Alabado por Sebald y por
Coetzee entre otros, Walser comparte con el primero una mirada sobre lo que
apenas se mueve mientras te rodea, mientras pasas a su lado sin reparar en ello
solo porque está ahí cada segundo. La visión de Sebald sentado en el banco de
una estación, simplemente esforzándose por sentir el paso engañosamente
idéntico del tiempo, es puro Walser. La mezcla de precariedad y desobediencia militante,
orgullosa, que emana éste está también en el retrato que Joseph Mitchell hizo de
un vagabundo en sus dos relatos publicados en New Yorker, finalmente como libro
con el título El secreto de Joe Gould (“tenía condiciones para convertirme
en una especie de vagabundo, y apenas me resistí a ello” –diría Walser). También en el Artista del hambre que a Kafka le
diera tiempo a escribir tras haber conocido y admirado a Walser.
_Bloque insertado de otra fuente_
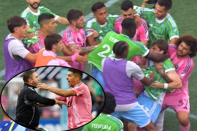 Inter Miami vs Seattle Sounders clash: फुटबॉल की कंट्रोवर्सी किसी ओर खेल से सबसे ज्यादा होती हैं. 22 खिलाड़ी, जीतने की प्रबल इच्छा, कठिन प्रतियोगिता इस खेल में कुछ भी करवा सकती है. सोमवार को लीग्स कप फाइनल में सिएटल साउंडर्स ने लियोनेल मेसी की इंटर मियामी को 3-0 से हराकर बड़ा उलटफेर कर दिया. इंटर मियामी में लियोनेल मेसी, लुइस सुआरेज, जोर्डी अल्बा और सर्जियो बुस्क्वेट्स जैसे स्टार खिलाड़ी शामिल हैं. इनको जीत का प्रबल दावेदार माना जा रहा था, लेकिन सिएटल ने शानदार प्रदर्शन कर सभी को चौंका दिया. इसके बाद हालात बिगड़ गए और दोनों टीमों के खिलाड़ी मैदान पर भिड़ गए. खिलाड़ियों के बीच ऐसी गजब की लड़ाई हुई कि जो बचाने गया, वही भिड़ गया. इसी दौरान लुइस सुआरेज को विरोधी टीम के कोचिंग स्टाफ पर थूकते हुए देखा गया. यह आदर्श खेल कहीं से भी नहीं था और सुआरेज की हरकत इससे भी बुरी रही.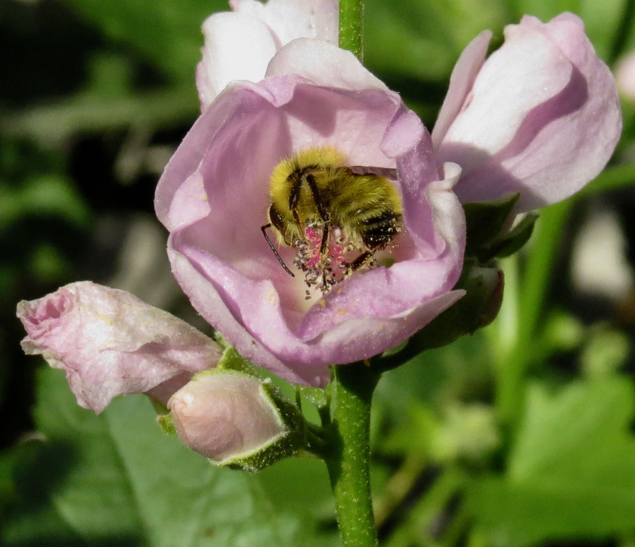 Draping over flowers, the bee limbs go heavy

Y, algo más
lejos en el tiempo, en el escribiente torturado y renuente que Melville pusiera
a vivir esa obra maestra que, como las anteriores, es Bartebly el escribiente.
La desobediencia de la
que fue testigo Mitchell en la forma de una gran, y genial, impostura, incubó
en él la renuncia a escribir, de la que ya apenas saldría. Eso le hermana con
Walser, y encarna fuera de los libros lo que Kafka (el director de la oficina de
seguros en la que trabajó Kafka compararía a éste con los personajes soñadores
de Walser) y Melville pusieran en ellos: la desobediencia como una renuncia no
conflictiva, reivindicativa o combatiente, sino apaciguada, rendida al mundo.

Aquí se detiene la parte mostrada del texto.